The Structure would unite such an empire, allowing it to expand beyond all projections. If the architects could only fathom the principles behind its transcendent shafts, there would be no limit to the Guild's reach. Great Ships would explore every corner of the universe, and her avatars would be among them.

All that stood between her and that grand dream were people like Braith Kindred.

She watched him sleep, learning the planes of his guileless face and the angles of his limbs. His bruises faded to yellow and disappeared like clouds on a summer day. Pristine, he looked even younger and all the more vulnerable for it. Over three days she tested his body's defenses, searching for the source of his bizarre confidence in her inability to kill him. Something new, she thought, something developed by Terminus that the
Guild had not seen before. Proceeding carefully, wary of sentinels and snares, she explored every vein, every muscle, every synaptic pathway, and found absolutely nothing out of the ordinary. He was defended, yes, but no more than she.

Tendrils of her will reached the valves of his heart. He had dared her to do this, to try to kill him, and now she had the capacity. How long would his brain last if she shut down his circulatory system? An hour or two at most, less if she began severing links in his brain stem and cortex as well. She could rewire his glands to produce neurotoxins instead of hormones, if she chose, or send powerful acids coursing through his stomach wall into his chest cavity. There were a thousand ways to end someone from within.

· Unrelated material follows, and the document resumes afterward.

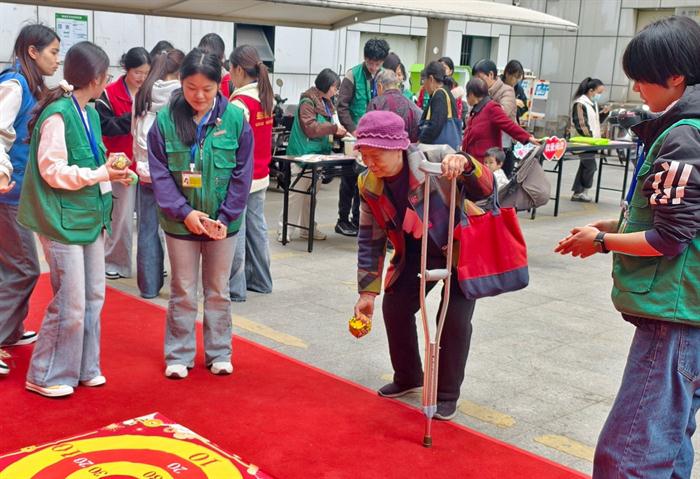 活动现场同步开展五大趣味互动与便民服务环节:一孝心投沙包·投福纳安,以投掷祈福祝愿长者平安顺遂、福寿绵长;二健康踏步·蒙眼闯关,在趣味运动中舒展身心、乐享陪伴;三拗九问答·传孝承德,围绕拗九节来历、习俗与孝德故事展开问答,重温民俗文化、感悟孝德内涵;四孝心打卡·定格温情,用镜头留存温馨瞬间,让孝德理念深入人心;五便民服务·孝暖安康,提供免费量血压、健康咨询、肩颈按摩、以及剪头发和小家电维修等便民服务,聚焦老人日常需求,用实际行动守护长者身心;同时福州市花木有限责任公司现场赠送特色蝴蝶兰花苗,让长者们把春意与孝心一同带回家。现场人气高涨,吸引了不少辖区居民、人才家属、侨眷等驻足参与,共赴孝暖之约。

The only certain way to test his assertion was to actually try. She came close on several occasions. A mixture of fear and excitement welled in her, tugging her in both directions. Each time, she backed away from the brink, following the call of duty. She might need him if his directions proved unreliable. The Guild might need the knowledge still trapped in his skull.

She was glad she had refrained when the
razee
reentered the galactic disk and began detecting signals of an unknown government in the vicinity of their destination. They were rapid-fire, sharp and powerful, like radio spikes during a thunderstorm. And there were a lot of them.

The
razee
decelerated like a tiny sun, drawing attention from all sides.

COMPLICATIONS

“Wake up, Kindred.”

The voice intruded on his dreams, wrenched him from the well of unconsciousness with an urgency that was utterly irresistible.